**Exercise:**
Would you transcribe only the lines from the one holding "A womans face" through the end of the material, exactly, without any pictures?

**Supplied information:**
»»

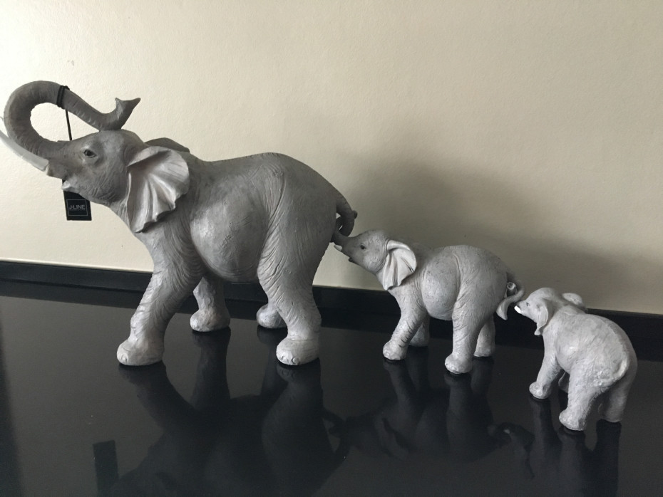 J-Line Olifant 3 op een rij met 2 olifant kinderen polyresin
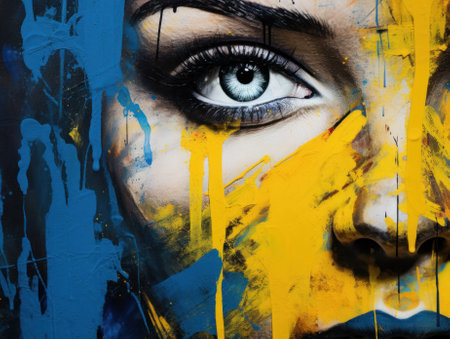 A womans face painted with blue and yellow paint, AI
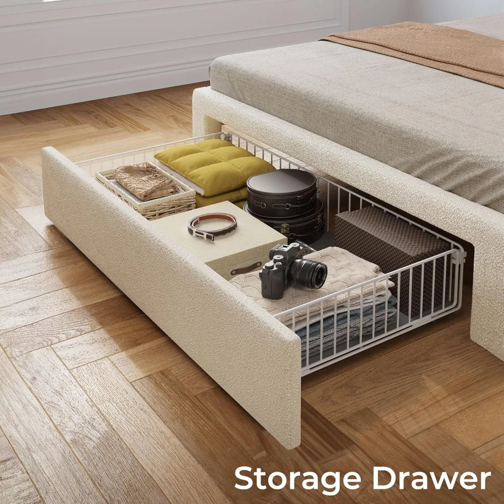 • Upholstered Design Modern Bed: Featuring classical off white lambswool upholstery that is skin-friendly, breathable, and wear-resistant, this bed adds a sophisticated touch to any bedroom. Combining elegance with functionality, this upholstered bed frame is perfect for modern bedrooms

««

**Exercise result:**
 A womans face painted with blue and yellow paint, AI
 • Upholstered Design Modern Bed: Featuring classical off white lambswool upholstery that is skin-friendly, breathable, and wear-resistant, this bed adds a sophisticated touch to any bedroom. Combining elegance with functionality, this upholstered bed frame is perfect for modern bedrooms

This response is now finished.